# Java - DoS Regex

## Running the app on Docker

```
$ sudo docker pull blabla1337/owasp-skf-lab:java-dos-regex
```

```
$ sudo docker run -ti -p 127.0.0.1:5000:5000 blabla1337/owasp-skf-lab:java-dos-regex
```

{% hint style="success" %}
Now that the app is running let's go hacking!
{% endhint %}

## Reconnaissance

#### Step1

This application is verfying wether the input from the user is a valid email or not, using regex.

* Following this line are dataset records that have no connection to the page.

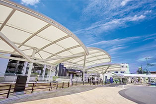 土地区画整理事業により、バス・タクシーの乗降場も備えた美しいロータリーへと生まれ変わりました。
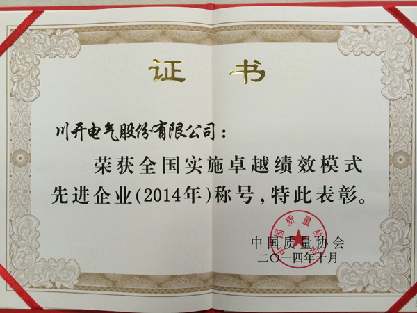 2014年10月10日,在中國質量協會組織召開的“全國實施卓越績效模式先進企業”表彰大會上,川開電氣股份有限公司榮獲“2014年全國實施卓越績效模式先進企業”稱號。 “2014年全國實施卓越績效模式先進企業”評審是中國質量協會在各地區、各行業質協推薦的基礎上,依據國家頒布的《卓越績效模式評價準則》標準進行嚴格評審,旨在對改善產品和服務質量、推進管理創新、持續提升企業整體績效方面做出成績的企業給予榮譽和表彰。此次全國共有115家企業單位獲得此項殊榮,我公司是國內輸配電開關設備行業唯一獲此殊榮的企業。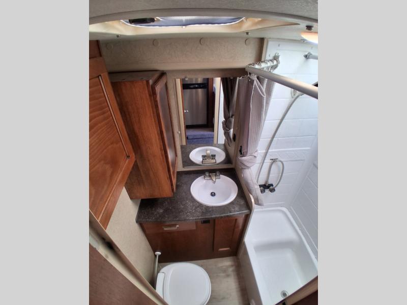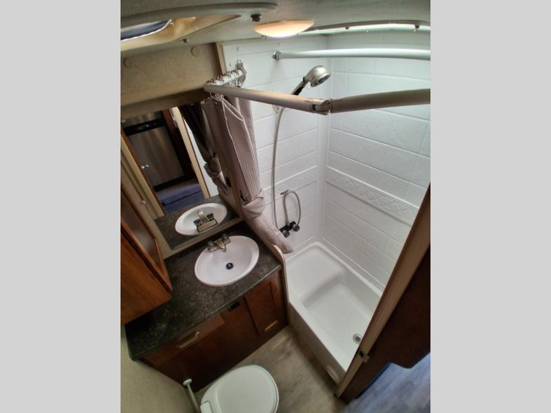 The bath is located toward the step up in front and features a shower, a toilet, with an overhead, and a sink with overhead medicine cabinet.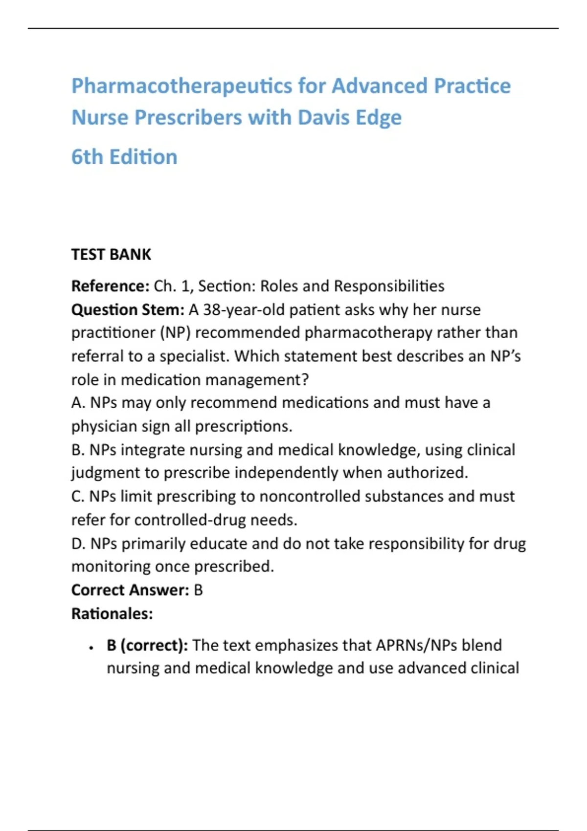 Pharmacotherapeutics for Advanced Practice Nurse Prescribers 6th Edition Test Bank with Answers & Rationales Ace your exams with the officially aligned test bank for Pharmacotherapeutics for Advanced Practice Nurse Prescribers with Davis Edge, 6th Edition by Teri Moser Woo and Wendy L. Wright. This comprehensive resource is carefully crafted to help advanced practice nursing students master pharmacology concepts and prepare with confidence for course exams, HESI, and NCLEX certification. Each chapter is fully covered with 20 multiple-choice questions (MCQs), designed in authentic NCLEX/HESI style. Every question includes the correct answer plus a step-by-step rationale, ensuring you don’t just memorize content but truly understand the “why” behind every choice. The test bank mirrors real-world exam expectations by focusing on prescribing principles, drug safety, patient education, therapeutic decision-making, and advanced clinical application. Rationales are verified against evidence-based practice, giving you peace of mind that your preparation is accurate and reliable. Perfect for students, instructors, and nurse practitioner candidates, this test bank offers a complete, chapter-by-chapter study solution that reinforces textbook learning while targeting exam success. Whether you’re aiming to strengthen classroom performance or achieve certification readiness, this test bank is your proven guide. Invest in your success today—study smarter, test with confidence, and step into practice fully prepared. Pharmacotherapeutics for Advanced Practice Nurse Prescribers 6th Edition test bank Teri Moser Woo test bank Wendy L. Wright pharmacotherapeutics Davis Edge pharmacology test bank Nursing pharmacology exam prep NCLEX RN test bank with rationales Nurse practitioner prescribing study guide HESI style nursing questions Advanced practice nursing pharmacology review Nursing test bank answers and explanations #NursingSchool #NCLEXPrep #NursePractitioner #StudyWithMe #PharmacologyMadeEasy #NursingExamSuccess #TestBankAnswers #HESIPrep #FutureNurse #NursingStudentLife

![](https://raw.githubusercontent.com/blabla1337/skf-labs/master/.gitbook/assets/python/DOS-Regex/1.png)

If we insert a valid email and verify it clicking on the button "Verify my email", the application will reply with "Matched".

![](https://raw.githubusercontent.com/blabla1337/skf-labs/master/.gitbook/assets/python/DOS-Regex/2.png)

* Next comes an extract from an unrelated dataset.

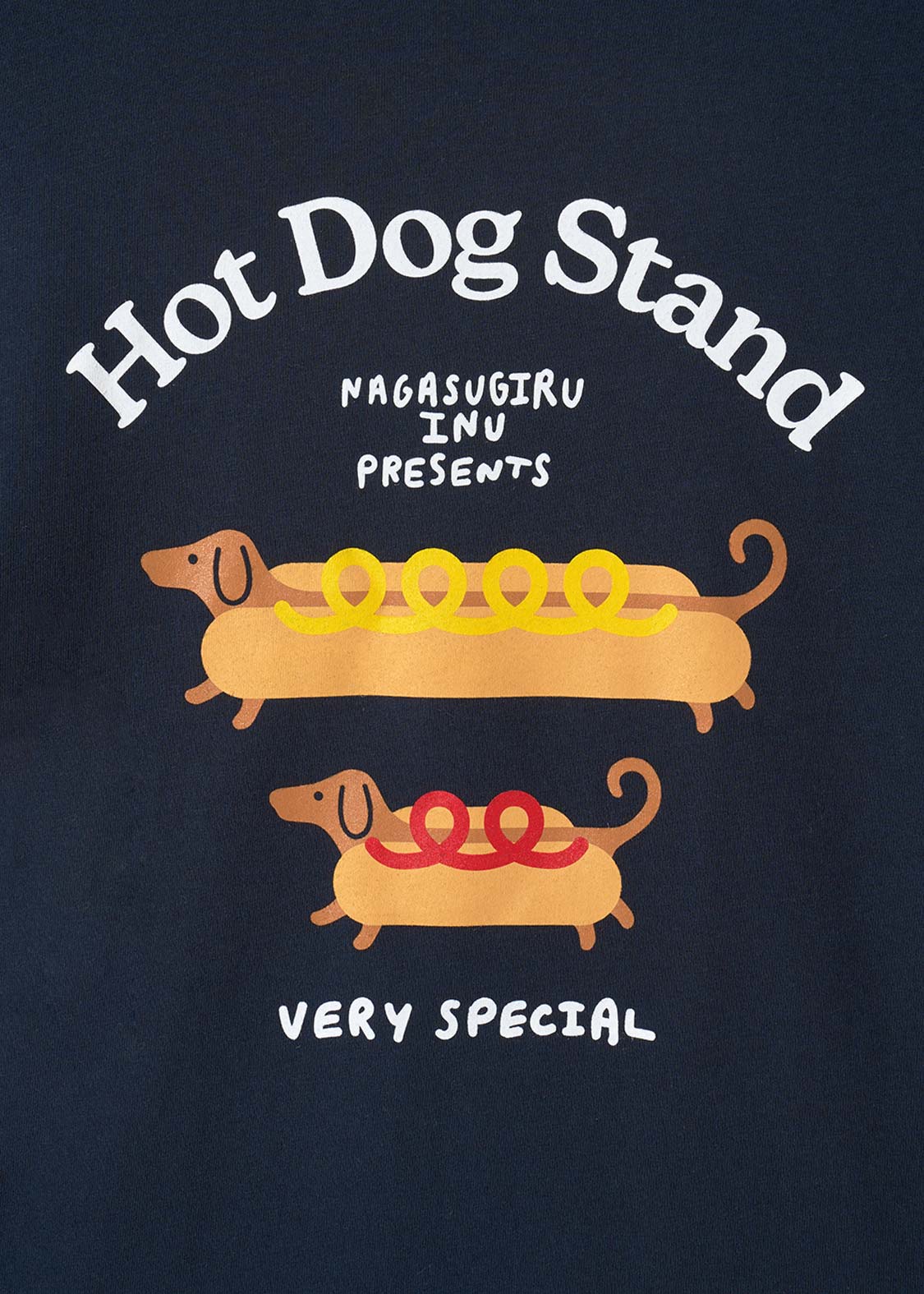 ナガスギルイヌがホットドッグとマッチング!かわいいアイコンとなったホットドッグスタンドのグッズをイメージしたグラフィックです。

If the email is not in the format <user@domain.tld>, the app will return "Not Matched"

![](https://raw.githubusercontent.com/blabla1337/skf-labs/master/.gitbook/assets/python/DOS-Regex/3.png)

The application uses regex to identify a valid email. The regex tries to find every possible combinations of a pattern in the text:

```java
Pattern pattern = Pattern.compile("^([0-9a-zA-Z]([-.\\w]*[0-9a-zA-Z])*@{1}([0-9a-zA-Z][-\\w]*[0-9a-zA-Z]\\.)+[a-zA-Z]{2,9})$", Pattern.CASE_INSENSITIVE);
```

A username can have one or more `-` (dash) or `.` (dot) in the username and/or letters and number. In the domain we could have one or more `-` (dash) and letters and/or numbers.

In order to identify a possible DoS we can manipulate the input increasing the legth.

#### Step 2

Let's use Burp to see if we can trigger the app to "think" more than usual when our input increases the size.

We first send a normal request and monitor the response time in ms

![](https://raw.githubusercontent.com/blabla1337/skf-labs/master/.gitbook/assets/java/DOS-Regex/4.png)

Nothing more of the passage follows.